= Aim of the exercise =
Copy out exactly the lines spanning the line with "Figure 1: PATONA" to the line with "XMQ 6520 15 seats", inclusive, from the data underneath, with no pictures.

= Data for processing =
···
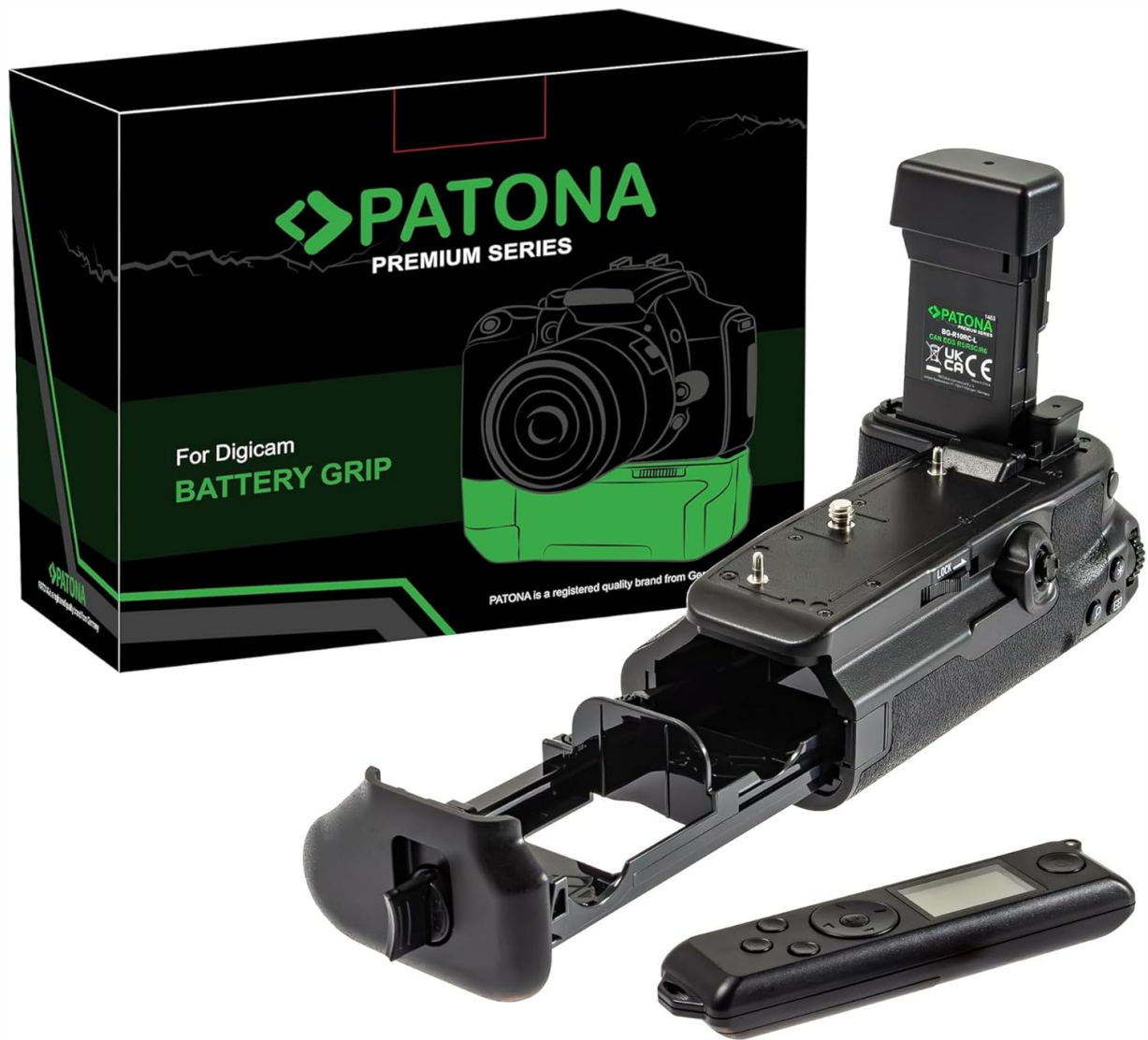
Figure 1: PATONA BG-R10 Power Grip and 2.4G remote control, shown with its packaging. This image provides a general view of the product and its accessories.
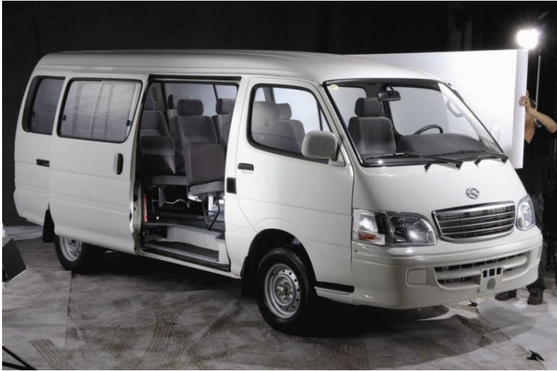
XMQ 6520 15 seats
···
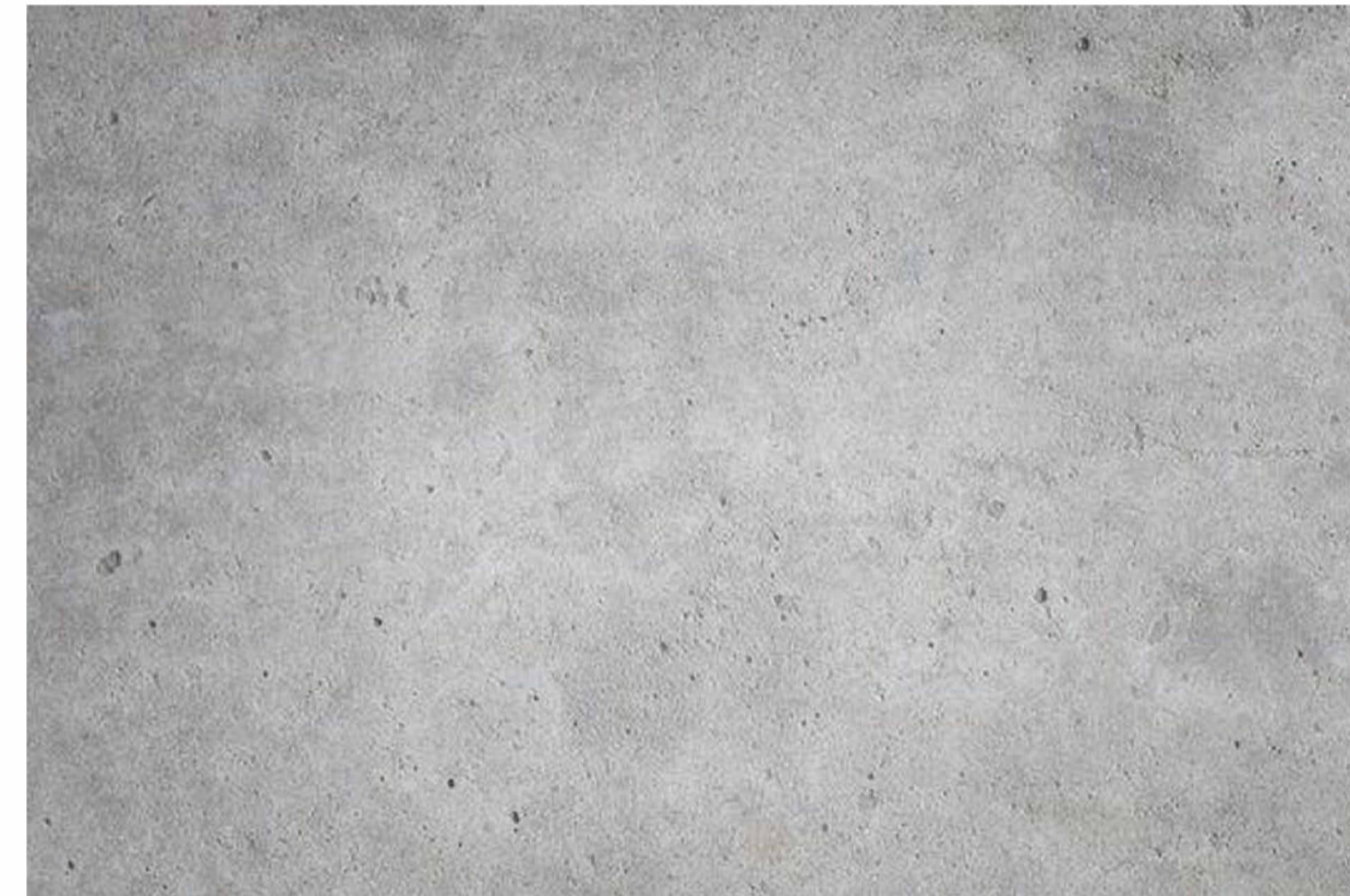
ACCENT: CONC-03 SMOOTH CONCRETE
···
= Exercise solution =
Figure 1: PATONA BG-R10 Power Grip and 2.4G remote control, shown with its packaging. This image provides a general view of the product and its accessories.
XMQ 6520 15 seats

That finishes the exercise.